Das hört sich ja klasse an! Bisher war ich nur ein Mal im Grunewald  fahren. Ich mag gerne Cross crounty aber Berg ab ist auch cool...wobei ich technisch nicht so fit bin.
Dieses we hätte ich Zeit!!!


----------



## HiFi XS (25. Februar 2015)

Ich fahre bistimmt Samstag und Sonntag. Samstag eher in der Gegend Kreuzberg-Treptow etc. Sonntag eher Grunewald. Sonntags fahre ich meist mit einer Männergruppe mit da wird vorwiegend die 'interessantere' bergab Sachen gefahren. Aber ich konnte die Zeit splitten und mit dir auch fahren. Wie sieht es bei dir konditionsmässig aus? Ich selber bin kein kilometerfresser und auch nicht besonders schnell aber bisschen mitgebrachte Ausdauer wäre nicht schlecht.


----------



## MTB-News.de




----------



## Trailorette (27. Februar 2015)

So wie du deine Kondition beschreibst glaube ich verstehen wir uns... 
Also ich könnte samstags auch zu nem Treffpunkt kommen allerdings erst so nachmittags oder sonntags wenn du mit mir fahren würdest wäre das klasse


----------



## HiFi XS (28. Februar 2015)

Hi @Trailorette   sorry sorry dass ich mich so spät melde    Heute fahren wir etwas später - so gegen 16:00 und zwar in Grunewald wahrscheinlich - weil es morgen regnen soll... mal sehen. Schau in dein Postfach bitte.

LG
HiFi


----------



## Renn.Schnecke (4. März 2015)

Hey Mädels,

ich räum auf und hab hier drei Oberteile, die mir (164 cm) etwas zu klein sind. Alle sind in top Zustand. Hab sie geschenkt bekommen, aber nie getragen.

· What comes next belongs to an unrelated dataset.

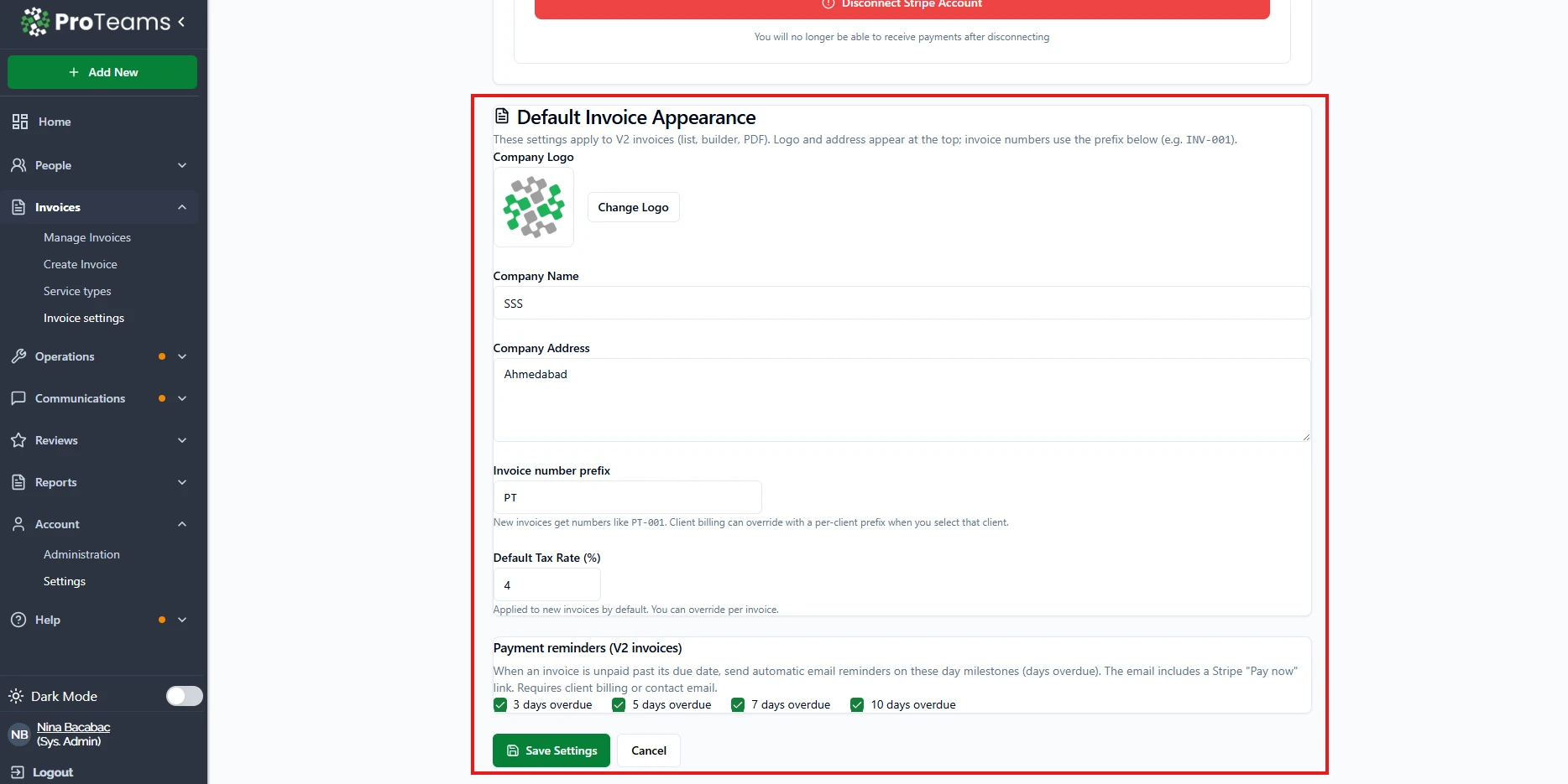 Set your invoice prefix and tax rate early. This keeps your billing clean and avoids manual edits later.

Alle Größe S. Alle zu *verschenken*. 

Sollte was für Euch dabei sein, dann schreibt mir ne pm. 

So, hier sind se:

1) Oberteil von Moira (tschechische Marke). Schön hoher Kragen und hält gut warm:







2) Jacke von Schwinn. Mit drei Rückentaschen:






3) Jacke von Protective in Größe 36. Hat hinten zwei Taschen.


----------



## HiFi XS (8. März 2015)

Trailorette schrieb:


> Hallo!!
> 
> Das hört sich ja klasse an! Bisher war ich nur ein Mal im Grunewald  fahren. Ich mag gerne Cross crounty aber Berg ab ist auch cool...wobei ich technisch nicht so fit bin.
> Dieses we hätte ich Zeit!!!


 
@Trailorette technisch genug fit und gute Kondi also wir haben eine Menge Spaß gehabt am Samstag und sind in unter 2 Stunden Fahrzeit 430 Hohenmeter gefahren. Und die junge Dame ist die 5 und die 6 runtergefahren und den Drachenberg hoch und auf den steilen Pfad runtegfahren  Das war ein schöner Tag 

Wir haben den ganzen Tag lang viele Leute im Wald getroffen  und den Marc am Teufelsberg aufgegabelt




Heute war ich wieder in Grunewald mit meinem FULLY yea!!! wieder unterwegs bei dem Wetter also das war ungläublich


----------



## Trailorette (8. März 2015)

Ich werde ganz rot... Aber Spaß hatten wir wirklich viel! Freue mich auf die Saison in Berlin!


----------



## Claudi_B (27. März 2015)

Hilfe, ich habe super spontan Zeit, morgen ein bischen Rad zu fahren. Das Wetter soll ja auch gar nicht soo schlecht werden. Hat jemand Zeit und Lust morgen MTB oder RR zu fahren? Bin für fast alles offen. Ich befürchte, dass es hier noch Facebookverabredungen gibt, die mir, auf Grund meines nicht vorhandenen Profils entgehen würden ; (

Claudia, eine uralte Bikerin, die seit ewigen Zeiten nicht mehr unter Leute war, weil Familie und Arbeit die ganze Zeit rauben...


----------



## HiFi XS (27. März 2015)

Grüss Dich Claudi_B! Schon von Dir zu hören. Wir (3 Damen) treffen uns morgen im Grunewald, falls Du mit willst. 13:00. Meine Nummer hast Du ja. Zwei von werden eher DH machen aber ich will auch touren.


----------



## Claudi_B (28. März 2015)

Oh. Vielen Dank für die schnelle Antwort! 
Mist, jetzt habe ich wohl vergessen zu erwähnen, dass ich gerne schon Vormittag los wollte. 1. um das schöne Wetter (also die angekündigte Sonne am Vormittag) noch zu erleben und den tag besser auszunutzen und 2. weil die Familie am nachmittag wieder zurück ist. Da will ich nicht erst los, wenn die schon wieder da sind. 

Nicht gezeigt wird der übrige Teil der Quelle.